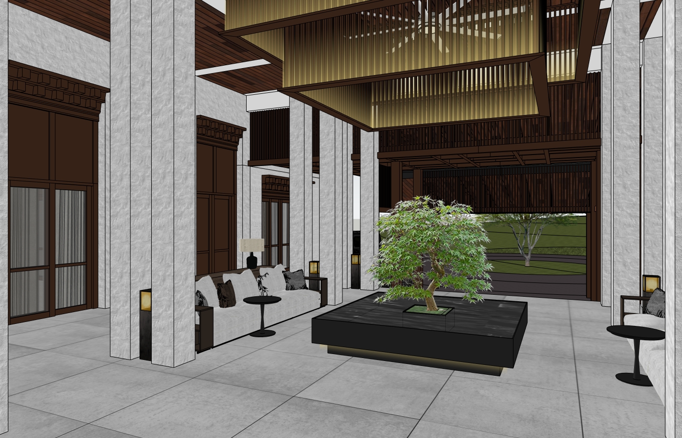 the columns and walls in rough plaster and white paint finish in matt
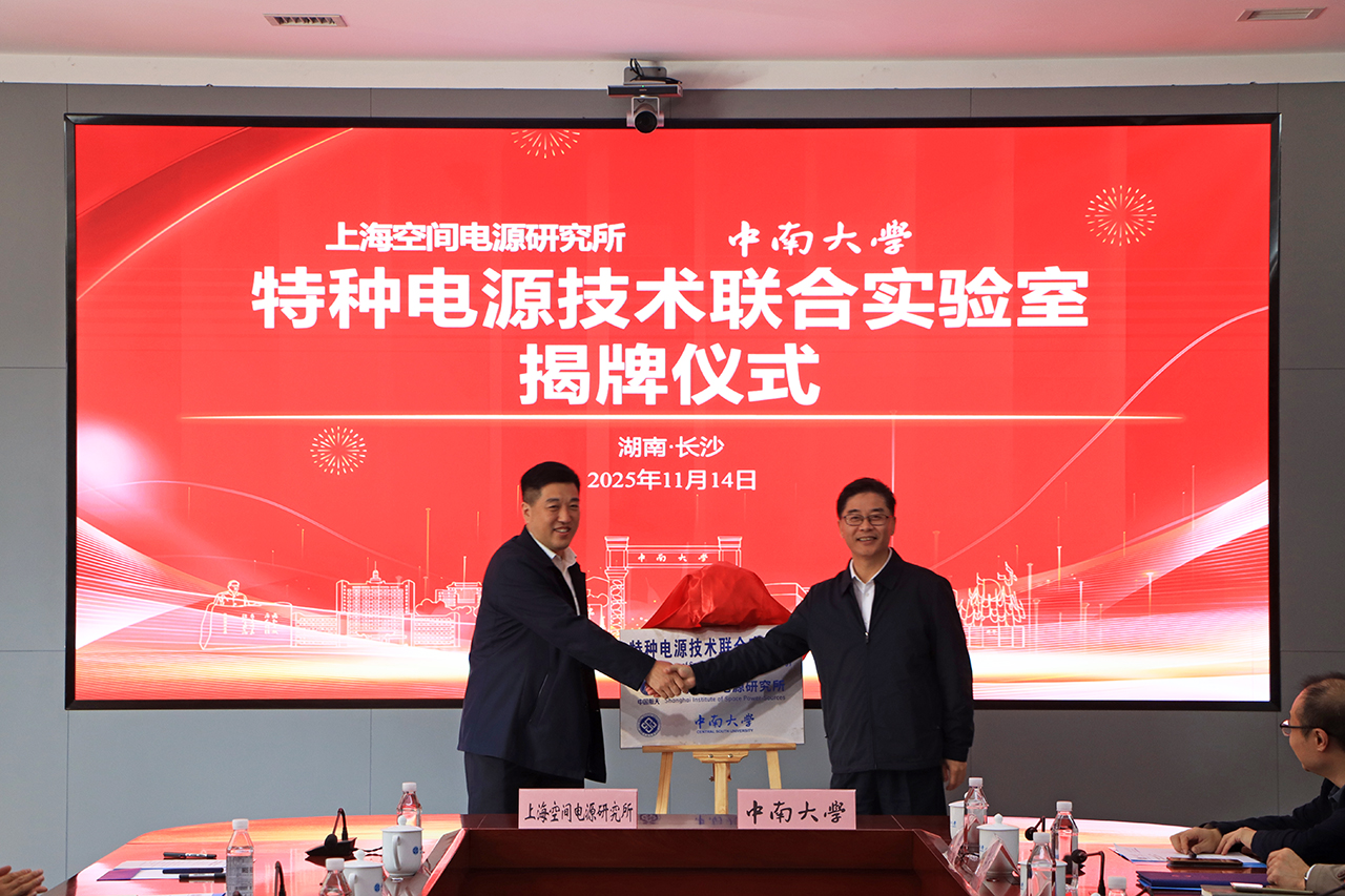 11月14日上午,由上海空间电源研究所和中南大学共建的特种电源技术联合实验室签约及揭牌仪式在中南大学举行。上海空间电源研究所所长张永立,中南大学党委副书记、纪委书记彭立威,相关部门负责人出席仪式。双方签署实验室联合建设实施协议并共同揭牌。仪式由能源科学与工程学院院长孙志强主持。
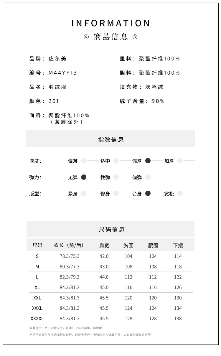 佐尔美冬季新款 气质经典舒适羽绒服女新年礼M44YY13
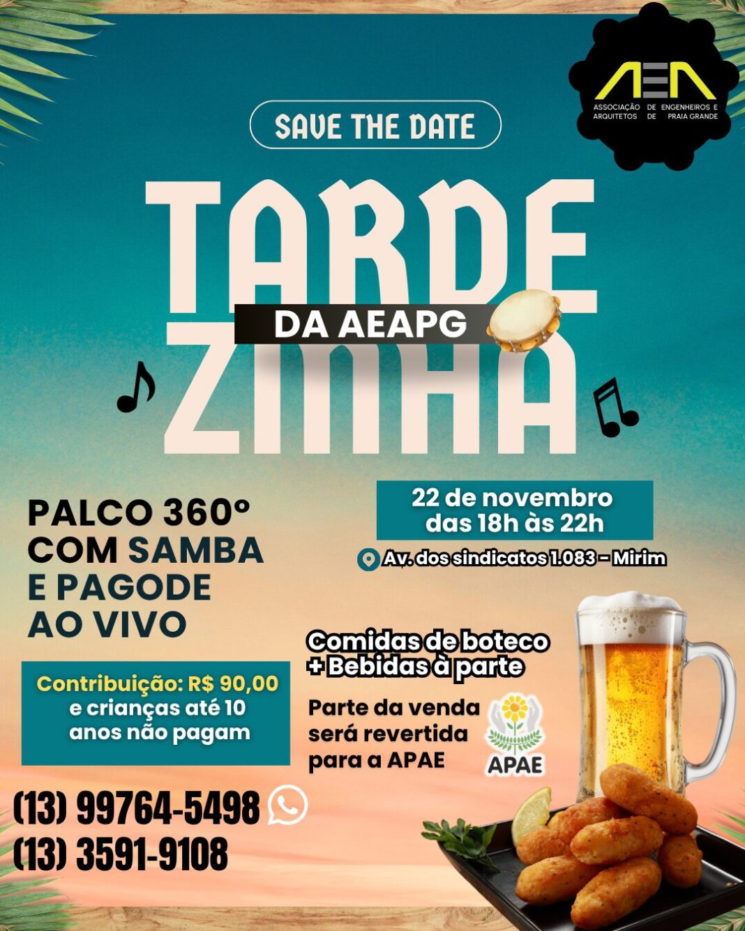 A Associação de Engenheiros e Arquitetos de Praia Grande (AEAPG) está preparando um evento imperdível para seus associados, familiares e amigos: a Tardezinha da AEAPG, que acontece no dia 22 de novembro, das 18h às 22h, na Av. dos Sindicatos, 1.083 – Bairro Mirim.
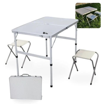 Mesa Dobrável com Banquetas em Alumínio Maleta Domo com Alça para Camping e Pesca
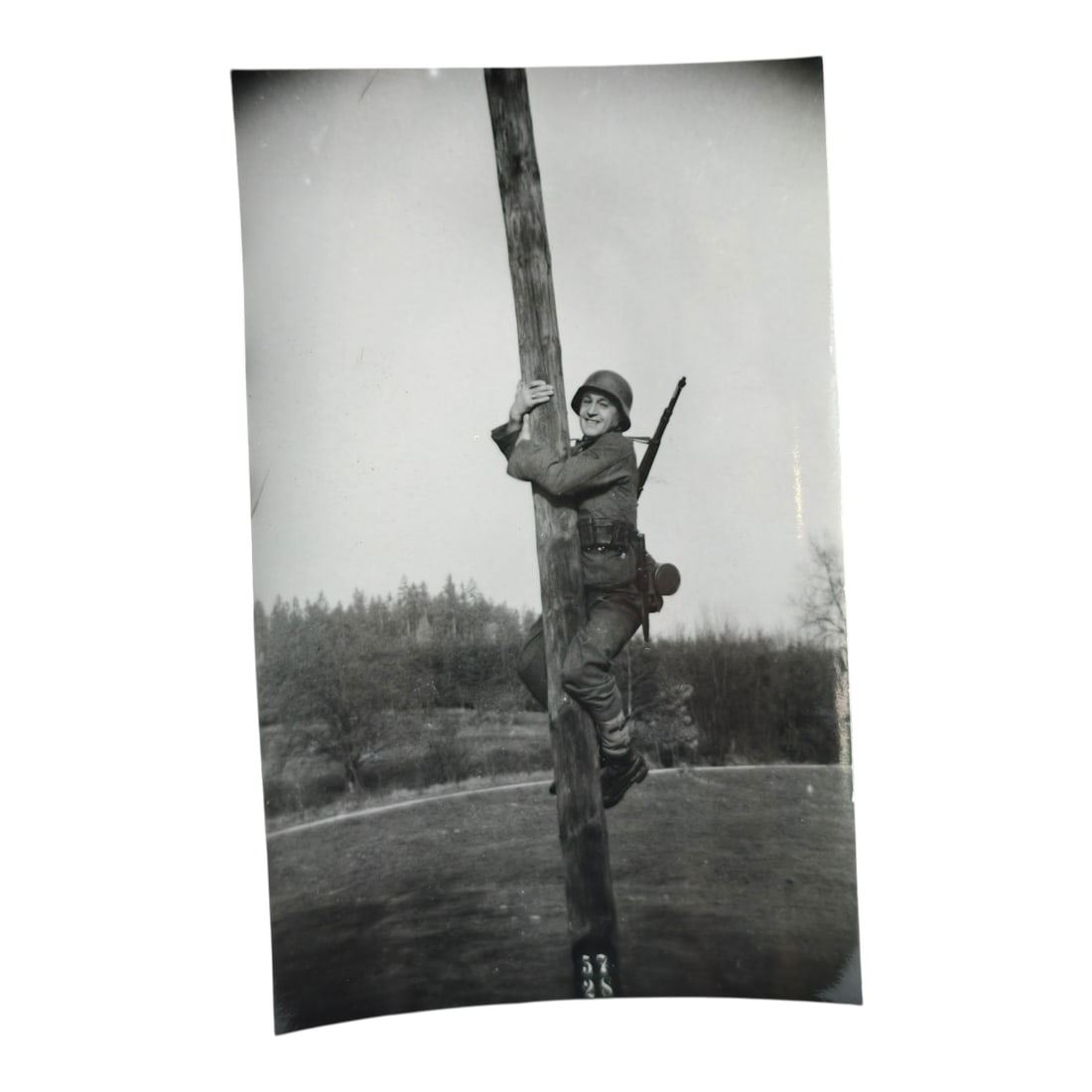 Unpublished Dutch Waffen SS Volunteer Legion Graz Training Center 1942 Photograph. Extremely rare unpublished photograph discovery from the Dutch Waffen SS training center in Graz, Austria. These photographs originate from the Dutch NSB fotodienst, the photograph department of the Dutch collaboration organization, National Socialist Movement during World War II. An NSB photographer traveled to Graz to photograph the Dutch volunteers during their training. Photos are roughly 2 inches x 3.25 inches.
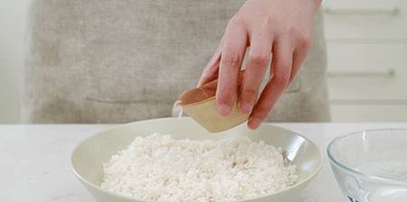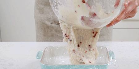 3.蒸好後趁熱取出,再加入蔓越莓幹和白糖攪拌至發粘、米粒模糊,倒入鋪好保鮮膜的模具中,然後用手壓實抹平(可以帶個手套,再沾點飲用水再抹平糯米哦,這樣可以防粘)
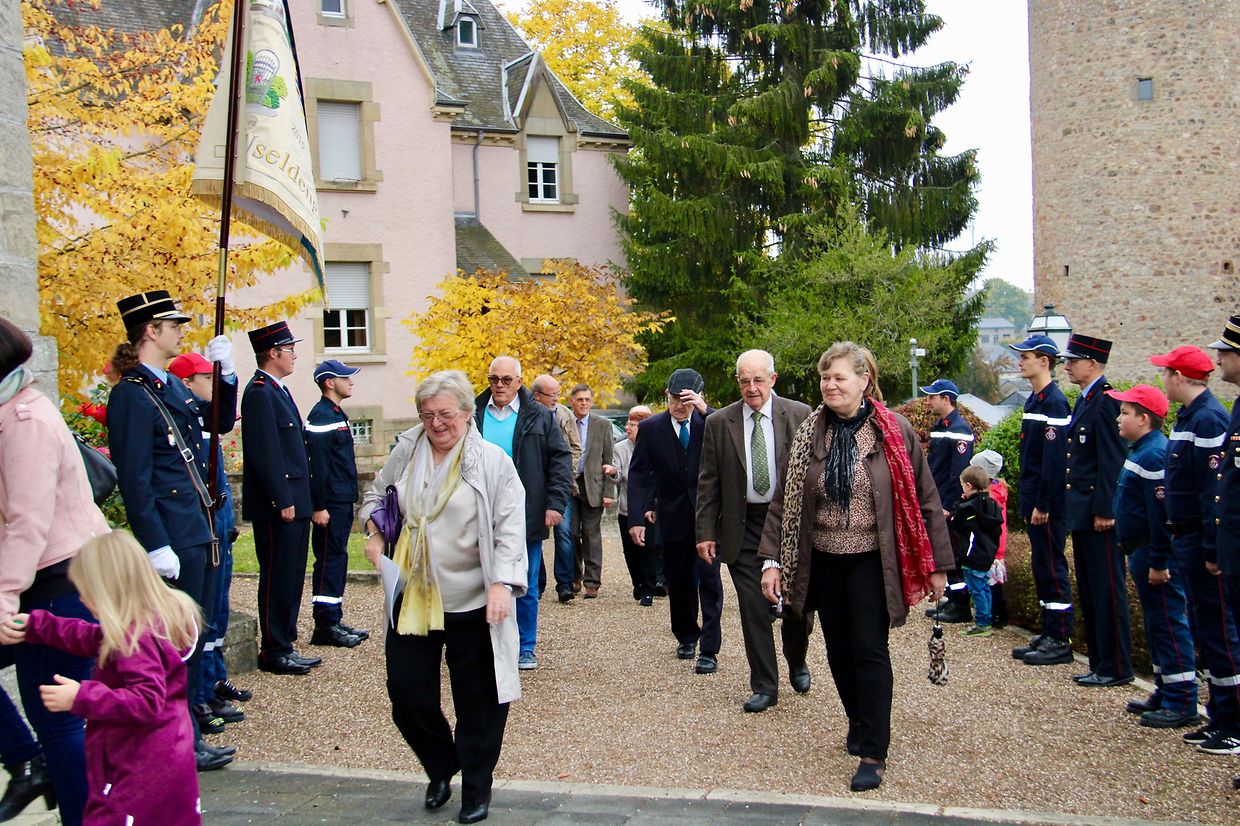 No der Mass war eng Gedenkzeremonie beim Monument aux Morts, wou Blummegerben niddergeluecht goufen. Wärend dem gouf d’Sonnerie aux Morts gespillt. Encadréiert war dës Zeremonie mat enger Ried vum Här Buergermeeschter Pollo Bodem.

• _Aim of the task_
Reproduce exactly the lines of the entries above from the first through the line with "3.蒸好後趁熱取出,再加入蔓", both included; pictures should not be reproduced.

• _Answer area_
 the columns and walls in rough plaster and white paint finish in matt
 11月14日上午,由上海空间电源研究所和中南大学共建的特种电源技术联合实验室签约及揭牌仪式在中南大学举行。上海空间电源研究所所长张永立,中南大学党委副书记、纪委书记彭立威,相关部门负责人出席仪式。双方签署实验室联合建设实施协议并共同揭牌。仪式由能源科学与工程学院院长孙志强主持。
 佐尔美冬季新款 气质经典舒适羽绒服女新年礼M44YY13
 A Associação de Engenheiros e Arquitetos de Praia Grande (AEAPG) está preparando um evento imperdível para seus associados, familiares e amigos: a Tardezinha da AEAPG, que acontece no dia 22 de novembro, das 18h às 22h, na Av. dos Sindicatos, 1.083 – Bairro Mirim.
 Mesa Dobrável com Banquetas em Alumínio Maleta Domo com Alça para Camping e Pesca
 Unpublished Dutch Waffen SS Volunteer Legion Graz Training Center 1942 Photograph. Extremely rare unpublished photograph discovery from the Dutch Waffen SS training center in Graz, Austria. These photographs originate from the Dutch NSB fotodienst, the photograph department of the Dutch collaboration organization, National Socialist Movement during World War II. An NSB photographer traveled to Graz to photograph the Dutch volunteers during their training. Photos are roughly 2 inches x 3.25 inches.
 3.蒸好後趁熱取出,再加入蔓越莓幹和白糖攪拌至發粘、米粒模糊,倒入鋪好保鮮膜的模具中,然後用手壓實抹平(可以帶個手套,再沾點飲用水再抹平糯米哦,這樣可以防粘)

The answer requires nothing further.